У Киры мурашки побежали по спине.

«Человечек»! Так папа называл только ее: «Хороший ты мой человечек!» или: «Ты у меня надежный человечек!» Она выпустила из рук чашку, которую вытирала, и чашка разбилась в мелкие дребезги. Она уронила ее нарочно, теперь можно было и поплакать. Она шумно задышала, и папа принялся стыдить ее:

– Кирёнок, да ты что? Плакать из-за чашки? Фу, позор какой!

– Сервизная… – всхлипывая, ответила Кира.

Чашки ей было совсем не жаль, и то, что папа не понял этого, показалось очень обидным.

– Тем более! Если бы еще последняя, а то вон их сколько у нас…

Он сам собрал черепки и выкинул в ведро на лестнице. О гостье больше не говорили (может быть, папа все-таки что-то понял?).

Месяца через два праздновали папин день рождения. Ему исполнялось сорок лет, и Кире казалось, что об этом даже стыдно вспоминать вслух: такая старость! Но, к ее изумлению, гости все время говорили: «Вот и стукнуло тебе наконец сорок, Сергей Митрофанович!», как будто это очень радостно.

То ли от запаха сдобного теста и ванили, стоявшего в кухне, где с утра возилась тетя Маня, то ли от целой груды смешных и забавных подарков, которые Кира не успела еще толком рассмотреть, то ли, наконец, от оживленного говора гостей, но Кире стало весело и свободно, Она даже подумала, что, может быть, для взрослых сорок лет вроде как для девчонок и мальчишек шестнадцать, когда они получают паспорт. Или как для дошколят то первое сентября, когда они – очень важные, с цветами в руках – переступают порог школы. Впрочем, папа вовсе не выглядел важным.

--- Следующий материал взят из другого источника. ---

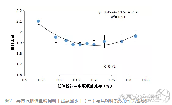 中國水產頻道原創報道,異育銀鯽(Carassius auratus gibelio)為我國廣泛養殖的主要淡水品種之一,具有生長快和風味佳等特點(Xue和Cui,2001)。2017年,異育銀鯽年總養殖產量超過281萬噸(中國漁業統計年鑒,2018)。異育銀鯽的商業飼料中魚粉含量通常在15-20%,但隨著水產養殖業的快速發展,魚粉已供不應求,價格也在不斷上漲,尋找魚粉替代品受到廣泛關注。研制低魚粉飼料可以有效降低水產飼料產業對魚粉的依賴,保證水產養殖業可持續性發展。 文/ 贏創德固賽(中國)投資有限公司動物營養業務線 肖緒誠,高俊 本研究的目的,詣在利用植物蛋白源降低異育銀鯽飼料中魚粉用量,同時添加水產專用DL-蛋氨酸TM(DL-Methionine for AquacultureTM),確定異育銀鯽的低魚粉飼料中最適蛋氨酸和總含硫(TSAA)的含量,以期為制定低魚粉異育銀鯽商業飼料配方提供合理有效的技術支持。 材料和方法 實驗開始前,將均重為6.7g的1080尾異育銀鯽隨機分養到36個玻璃纖維缸的室內循環水實驗系統中,實驗水體為300L,養殖密度為30尾/缸。實驗分為12個處理組,每組三個平行。實驗持續10周,實驗期間平均水溫為26±0.5℃,溶氧大于6.0mg/L。每天四次飽食投喂。 本實驗以魚粉,雞肉粉,豆粕,菜粕和棉粕為主要蛋白源,配置12種等氮等能(36%蛋白,19MJ/kg)飼料飼喂異育銀鯽,包括正對照組(PC1和PC2),負對照組(NC)和負對照組飼料補充九種不同水平的水產DL-蛋氨酸TM處理組(如表1和表2所示)。其中正對照組飼料PC1中含有15%魚粉(飼料1),為商業飼料配方組,沒有額外補充晶體氨基酸,其蛋氨酸含量為6.2g/kg。正對照組PC2(飼料2)為商業飼料配方組補充水產DL-蛋氨酸TM,以達到飼料氨基酸平衡(異育銀鯽肌肉氨基酸含量)的處理組,其蛋氨酸含量為7.8g/kg。負對照組NC(飼料3)為低魚粉組飼料(5%魚粉),該組飼料按照氨基酸平衡模式只補充晶體賴氨酸和蘇氨酸,沒有額外補充蛋氨酸,其蛋氨酸水平為5.4g/kg。飼料4至飼料12為負對照組飼料基礎上添加不同水平的水產DL-蛋氨酸TM,使其飼料蛋氨酸水平分別為5.9、6.2、6.4、6.6、6.8、7.0、7.3、7.8和8.2g/kg(半胱氨酸含量為5.2g/kg)。 主要結果 異育銀鯽生長性能指標如表3所示。飼喂不同蛋氨酸含量飼料的異育銀鯽,其存活率無顯著差異。5%魚粉組(NC)魚體的特定生長率(SGR)最低,而餌料系數最高(p<0.05)。而5%魚粉組補充不同水平的晶體水產DL-蛋氨酸TM后,可顯著提高魚體特定生長率,有效降低餌料系數。當5%魚粉組飼料中添加0.1-0.2%水產DL-蛋氨酸TM后,其飼喂的魚體生長性能和15%魚粉組無顯著差異。二次方程回歸分析得出,在低魚粉情況下,異育銀鯽飼料最適蛋氨酸水平為7.1g/kg,總含量氨基酸含量為12.3g/kg。 主要結論 外源添加水產DL-蛋氨酸TM可有效降低飼料中的魚粉使用量,保證魚體的正常生長性能。5%魚粉組飼料中添加0.1-0.2%的水產DL-蛋氨酸TM(總蛋氨酸含量6.4-7.3g/kg)與15%魚粉組的魚體生長性能無顯著差異。 二次回歸分析得出,在低魚粉異育銀鯽飼料中,最適蛋氨酸含量和總含硫氨基酸含量分別為7.1g/kg和12.3g/kg(圖1)。且本實驗飼料中添加0.18%的水產DL-蛋氨酸TM可達到其最適蛋氨酸水平。 低魚粉飼料的餌料系數,隨著晶體DL-蛋氨酸TM添加量的增加而顯著降低。當飼料的蛋氨酸含量達到7g/kg(添加0.18%的水產DL-蛋氨酸TM)時,鯽魚餌料系數最低(圖2),且和正對照處理組(PC2)無顯著差異。 |
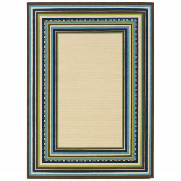 Ivory, Blue 5 ft. x 8 ft. Loomed Polypropylene Rectangle Indoor/Outdoor Area Rug
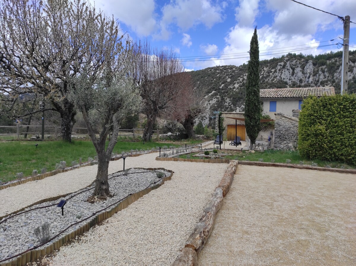 Szép Oasis Lou Garoun ház, a Mont Ventoux lábánál, bájos és hangulatos. Egy kis paradicsom. Soleil. Természet. 2 hálószoba és nagy nappali/ konyha üveg fa tűzhellyel, lépcsőmentes terasz, gyönyörű kert. Függőágyak, napozóágyak. Százéves fák. Nagyon csendes, madárdal és cigányok. Gyönyörű panoráma Montbrun-les-Bain falura, középkori örökség: 1,5 km. Minden kényelmi szolgáltatás. 10 percre vízesések és Toulourenc kristálytiszta folyói, túrázás, hegymászás...
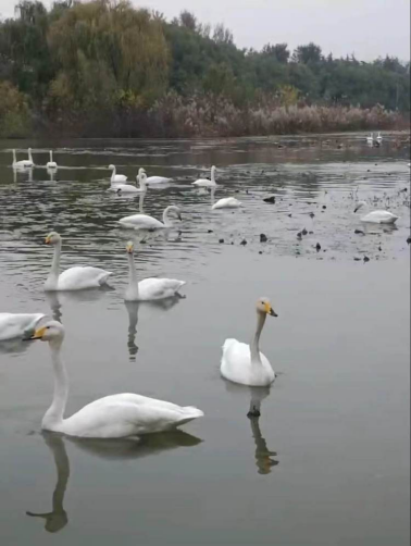 “一场秋雨一场寒,十场秋雨要穿棉”是老人们常说的古话。一场场的秋雨落下,同学们开始穿上棉衣。天鹅湖也等来了每年飞来过冬的天鹅们

Наоборот, он казался помолодевшим, озорным и все бегал в переднюю открывать дверь.

Гостей было много, некоторых Кира даже не знала. Она совсем сбилась с ног, изображая гостеприимную и опытную хозяйку. В папиной комнате был накрыт стол к ужину, на столе теснились закуски и вина, но кто-то еще не пришел, и в ожидании гости слушали рассказы одного старого папиного приятеля, кинооператора, только что вернувшегося из поездки по Вьетнаму. Он рассказывал очень хорошо, и Кира так заслушалась, словно ей уже позволили заглянуть в будущий документальный фильм. В этом фильме были и высоченные кокосовые пальмы, и пальмы низкорослые – банановые, и штабелями сахарный тростник, и прозрачные домашние ящерицы, которые поедают комаров и москитов, и всевозможные плетеные изделия (кинооператор как раз и подарил сегодня папе добрый десяток многоцветных корзин и корзиночек разной формы и разного плетения), и тропические шлемы из банановых листьев, и бананы, которые во Вьетнаме все равно что в Москве хлеб – их все едят и почти не замечают, и бесконечные переправы на паромах через ручейки, речонки и реки, и парусные лодки, в которых годами, иногда от рождения до смерти, живут целые семьи. У Киры разыгралась фантазия: вот бы жить в такой лодке, среди буйной вьетнамской природы, носить похожую на перевернутую глубокую тарелку с острым донышком соломенную шляпу и спать на плетеных циновках под москитным пологом… Она бы учила вьетнамских ребятишек русскому языку и сама бы училась у них ловить рыбу…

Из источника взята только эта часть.